Well, I went ahead and did it!!! I turned into my worse enemy! There I was in CVS, looking for toothpaste, deodorant, shampoo and whatever else tempted me which I knew I didn’t need but had to buy anyway because I knew I would need it eventually…and what happens! You will never guess what this cold-hearted anti-Easter candy lady did!
Yes I did! I fell for all that commercialization nonsense as my eyes glazed over at all the stupid well wrapped chocolate bunnies, Easter eggs, marshmallow peeps (the yellow ones especially) and all those dumb-ass ceramic gadgets (like why do I need an Easter bunny coffee mug…really?) then as my feet moved towards the almost empty shelves of all that represents Easter (NOT!), I reach for those stupid smiling hollow chocolate bunnies and begin to get one for each of my men who I left back at home (where I should be) and proceed to walk the aisles to see what else I can get.
OMG! As my colleague from work says, who I shall call Jennifer to protect her identity (lol), so there I am walking the aisles with a hypnotic look in my eyes touching, and smiling (like a moron!) and gliding (the way I usually gracefully glide when I ice skate…ok so I wasn’t gliding!!) and finally I stop and ask myself, “Woman, what the hell are you doing? Did you not just say how so against all this you are?” and to my astonishment, I ignored myself…yes I did! I didn’t even respond, just kept looking and another thought hit me. ‘Where are the Spanish bunnies?!’ That’s when I should have put those Albino bunnies back on the shelf and paid for my toiletries but no! I stared at the 24 inch bunny (now who the heck would give a child so much chocolate? why? please tell me…why?) Now I am staring at the white bunnies, then I stare at the brown bunnies and I wondered….where are the TAN bunnies!!!?? Anyone?

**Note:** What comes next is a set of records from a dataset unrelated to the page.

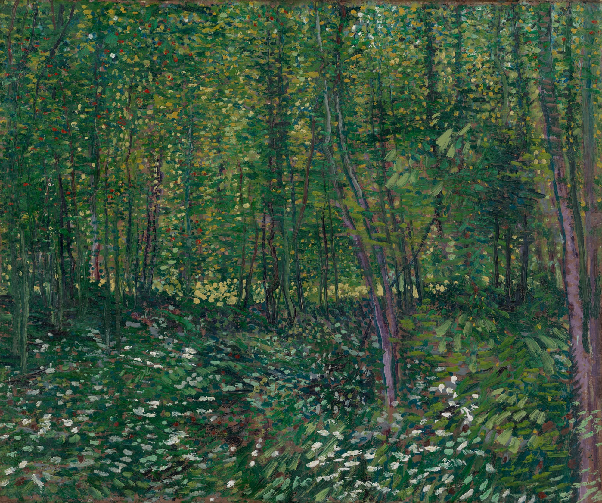 The exhibition draws parallels between low-res digital content in particular images and plein-air painting, an approach to art making which poses specific problems and opportunities to both the artist and the viewer. First and foremost, the painter who works in plein-air usually tries to have the least possible mediated experience of the surroundings, whether a nature scape or an urban environment. To see Leegte’s websites on display under the same roof with van Gogh’s paintings means to be drawn into finding a direct connection between the contemporary consumption of visual content and the Impressionist and Post-Impressionist approach to depicting the sensible world. The images generated by Leegte demand the active participation of the viewer to fill in the lack of details removed by the algorithm in the same way as “Trees and Undergrowth” (1887) by van Gogh presents just enough details to let the eyes of the viewer detect the subject of the work. In both Leegte’s compressed images and van Gogh’s paintings nature is compressed, mediated, in a way that allows the viewer to understand what has been depicted no matter how many details are removed.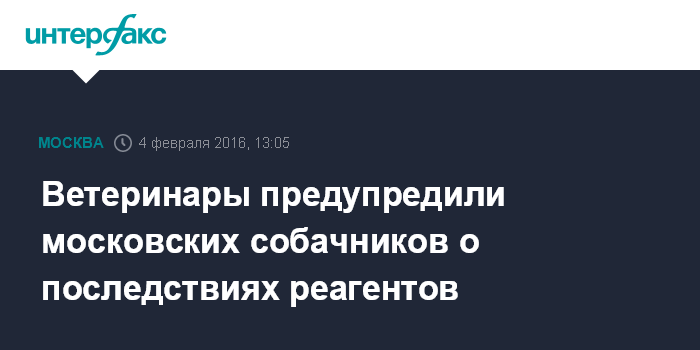 Москва. 4 февраля. INTERFAX.RU - В зимний период, когда для очистки дорог используются реагенты, необходимо соблюдение ряда правил выгула собак, заявил глава комитета ветеринарии столицы Александр Туник.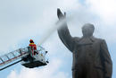 3月4日,辽宁省沈阳市,消防支队用消防车清洗中山广场上的毛主席雕像。 黄金崑/CFP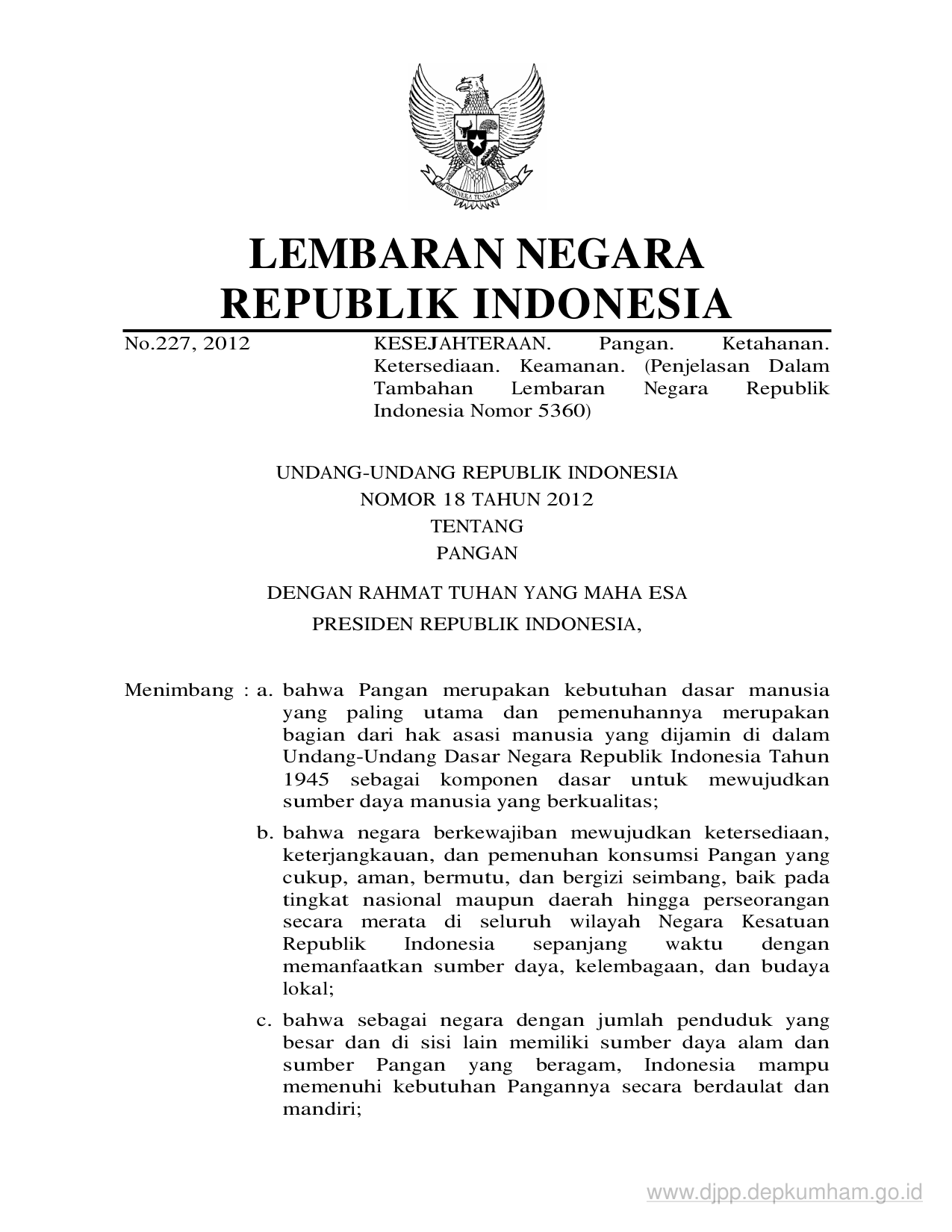 UU Nomor 18 Tahun 2012 | Undang-Undang Nomor 18 Tahun 2012 tentang PANGAN

Needless to say I turned into a hypocrite! I even picked up two small cute bunnies (yes I said cute!) for two of the ladies in the nursing home, since I wanted to cheer them up when I did my volunteer work…and as I am driving to the nursing home I shake my head and give myself a speech on how could I have gone and turned into the trader that I felt like at that moment.
That goes to prove that these Corporate Marketers will do anything to make even someone like me fall for the bait and buy all that non-Easter related crap! I must excuse my tone and language since I am writing it exactly how I lived it..
I may be needing therapy after this, perhaps I can return the damn bunnies since my men have yet to open and eat them and why not take them back? Kidding! I will raise the white flag as I have weakened and surrendered to the dark side. In case you’re wondering what all this rambling is about, I recently posted “Easter, I don’t get it”, and now I guess I am eating my proverbial words….’ to err is human’..hmm, is it really?